Calculating More Property Distributions of Chemical Fragment Spaces
Justin Lübbers1, Uta Lessel2, Louis Bellmann1 and Matthias Rarey1
1Universität Hamburg, ZBH – Center for Bioinformatics
2Boehringer Ingelheim Pharma GmbH & Co. KG
Recently developed make-on-demand compound catalogs increased the size of searchable compound collections with a high likelihood of synthetic availability by orders of magnitude. These catalogs are described in a combinatorial fashion, and in many cases, they are too large to be enumerated. Many cheminformatics tasks require new algorithms dealing with these descriptions without the need for enumeration. Here, we address the problem of calculating property distributions in the form of histograms for the entire catalog.
For this purpose, Bellmann et al. developed SpaceProp, an algorithm for calculating physicochemical property distributions of chemical fragment spaces efficiently [1]. SpaceProp enables the description and comparison of nonenumerable chemical fragment spaces regarding the distribution of heavy atom counts, molecular weight, hydrogen acceptors/donors, and the octanol-water partition coefficient. Bellmann et al. applied the algorithm to the three commercial make-on-demand spaces REAL Space (Enamine), GalaXi (WuXi), and CHEMriya (Otava) and the open source based KnowledgeSpace [2].

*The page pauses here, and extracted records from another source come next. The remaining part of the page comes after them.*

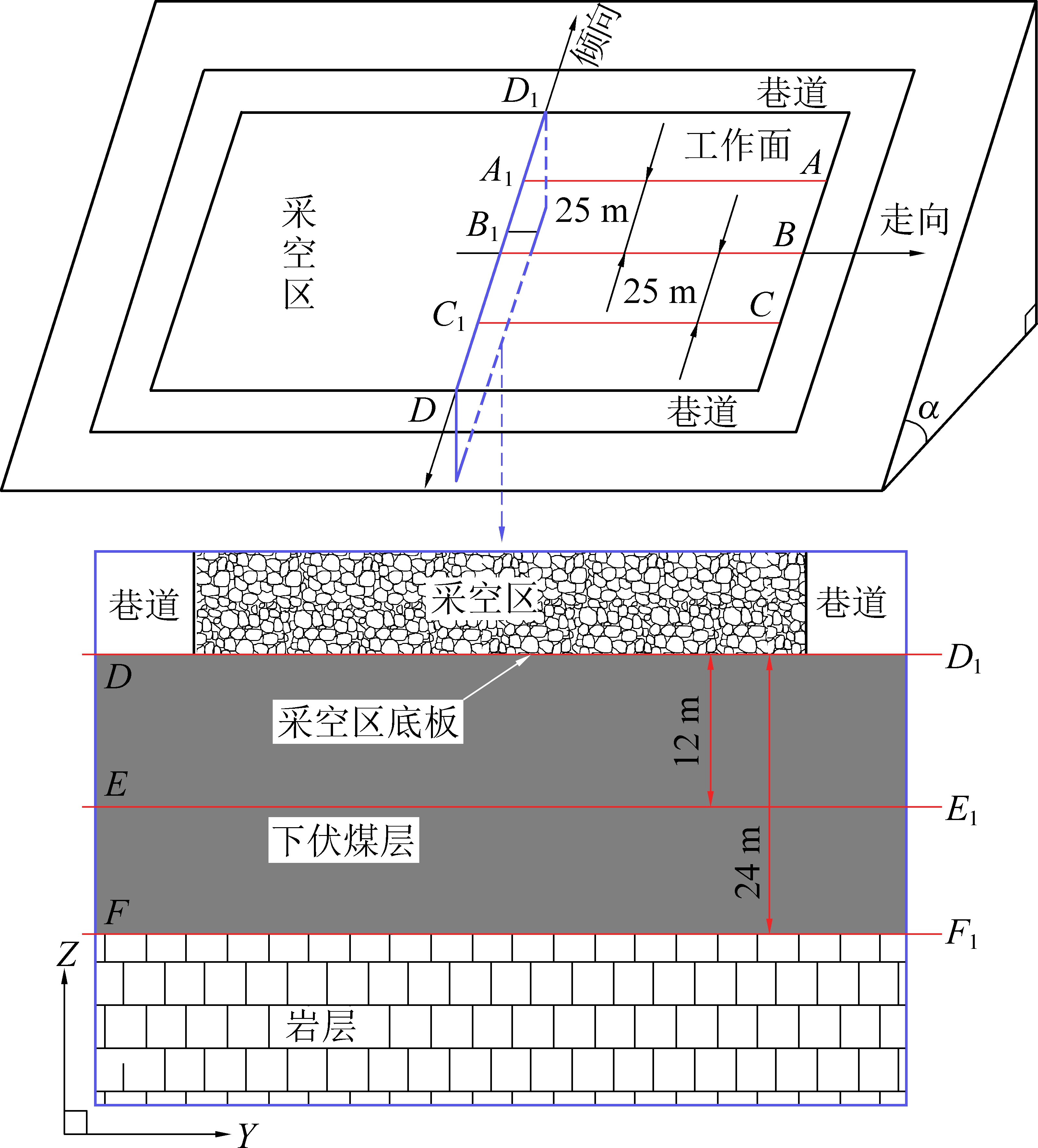 为获得准确的采空区底板应力分布规律,使用FLAC3D内置hist函数,对采空区底板不同深度煤层应力进行监测。测线(监测点构成的线)布置如图4所示,其中,α为煤层倾角。
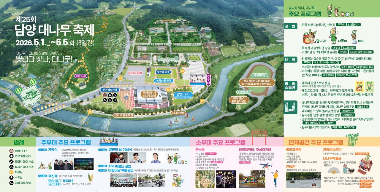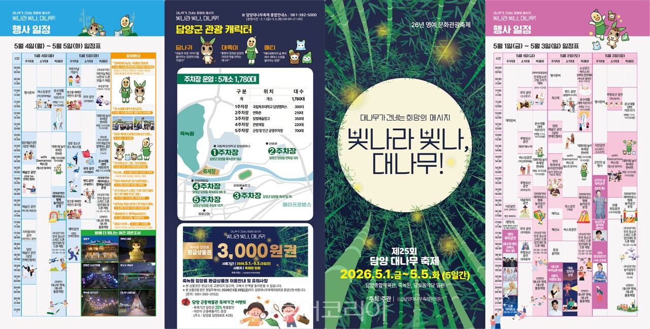 볼거리 역시 한층 풍성해졌다. 개막식에서는 담양의 새로운 관광 캐릭터를 공개하는 브랜드 선포식이 진행되며, 행사장 곳곳에는 캐릭터 팝업스토어와 포토존이 조성돼 방문객 참여를 유도한다.
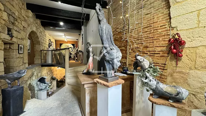 Rez-de-rue :Galerie d’Art d’environ 55,31m2 avec poutres apparentes & murs en pierres répartis sur 2 niveaux par un escalier à vis en pierre.

In this work, we present recent extensions of the SpaceProp algorithm. All molecular properties considered so far are atom-based. We show that the algorithm can be extended by arbitrary molecular properties that fulfill clearly defined criteria. As a first example, we show the calculation of molecular polar surface area distributions based on the widely used TPSA algorithm [3]. Furthermore, we demonstrate the calculation of bond-based property distributions at the example of the number of rotatable bonds to estimate the products’ flexibility. Finally, we introduce a topological property based on molecular substructures. For a set of query structures given by a user, SpaceProp computes a substructure distribution counting for all products how many of the query structures they contain.

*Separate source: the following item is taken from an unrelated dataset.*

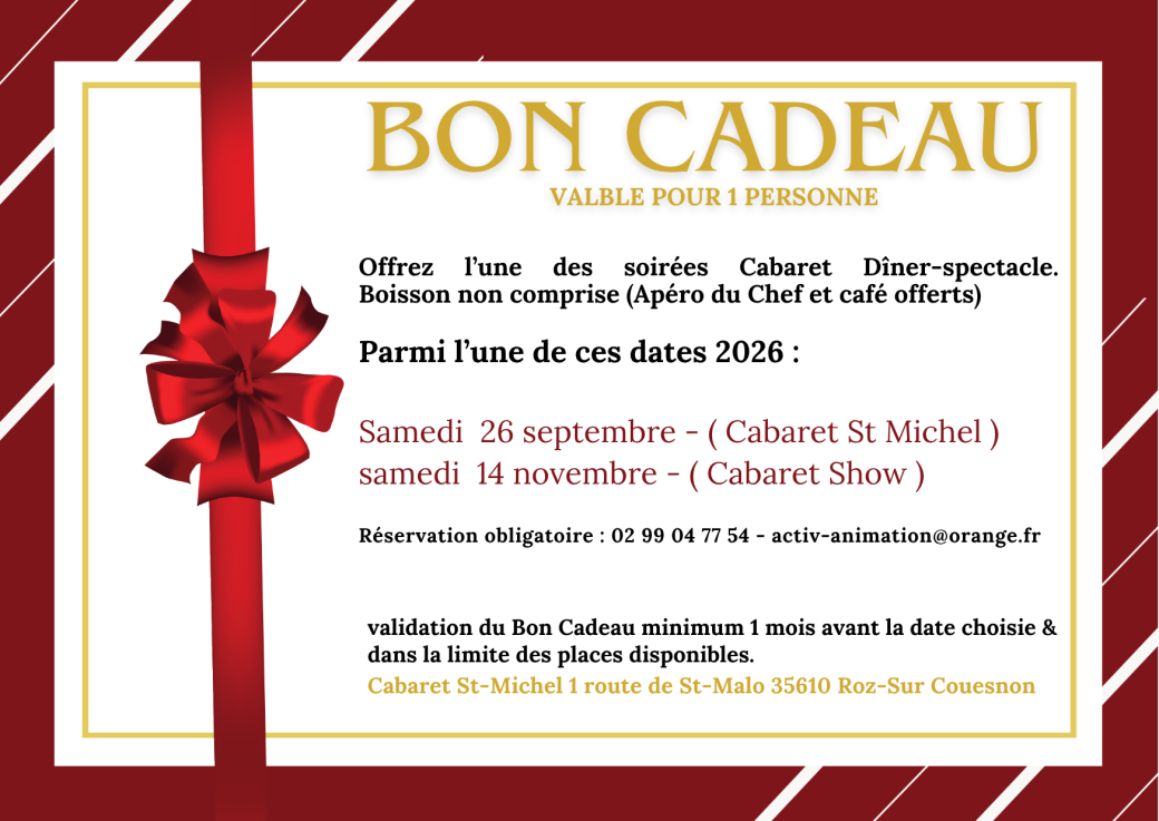 Bon Cadeau de 59€ par personne pour l’une des soirées Cabaret Dîner-spectacle. Boisson non comprise (Apéro du Cabaret et café offerts) Parmi l’une des dates :
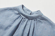 ★襟元にはギャザーがあしらわれ、顔周りが華やかになる設計。

The extended SpaceProp algorithm allows further insights into the composition of non-enumerable chemical fragment spaces. The substructure distributions enable the analysis of fragment spaces with regard to project-specific target scaffolds. We use the extended SpaceProp algorithm to analyze and compare the above-mentioned REAL Space (Enamine), GalaXi (WuXi), CHEMriya (Otava), and KnowledgeSpace as well as the eXplore (eMolecules) and the FreedomSpace (ChemSpace) [2]. Elucidating the contents of these otherwise opaque chemical libraries is an essential step toward a guided exploration of the chemical space and the construction of optimized combinatorial libraries.
References
[1] Bellmann, L.; Klein, R.; Rarey, M. Calculating and Optimizing Physicochemical Property Distributions of Large Combinatorial Fragment Spaces. Journal of Chemical Information and Modeling. 2022, 62(11), 2800-2810.

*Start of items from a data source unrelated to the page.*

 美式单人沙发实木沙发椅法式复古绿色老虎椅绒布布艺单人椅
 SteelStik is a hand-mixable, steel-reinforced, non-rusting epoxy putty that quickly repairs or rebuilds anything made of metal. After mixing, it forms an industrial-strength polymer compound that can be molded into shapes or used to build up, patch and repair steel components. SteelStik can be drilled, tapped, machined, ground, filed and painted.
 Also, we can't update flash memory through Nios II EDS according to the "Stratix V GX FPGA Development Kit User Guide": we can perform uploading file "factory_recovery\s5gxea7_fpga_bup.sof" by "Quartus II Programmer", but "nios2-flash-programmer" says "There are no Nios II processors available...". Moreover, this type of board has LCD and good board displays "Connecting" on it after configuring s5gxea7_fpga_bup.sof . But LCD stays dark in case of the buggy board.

[2] BioSolveIT GmBH. Chemical Spaces. https://www.biosolveit.de/infiniSee/#chemical_spaces. (accessed 30.01.2023).
[3] Ertl, P.; Rohde, B.; Selzer, P. Fast Calculation of Molecular Polar Surface Area as a Sum of Fragment-Based Contributions and Its Application to the Prediction of Drug Transport Properties. Journal of Medicinal Chemistry. 2000, 43 (20), 3714-3717.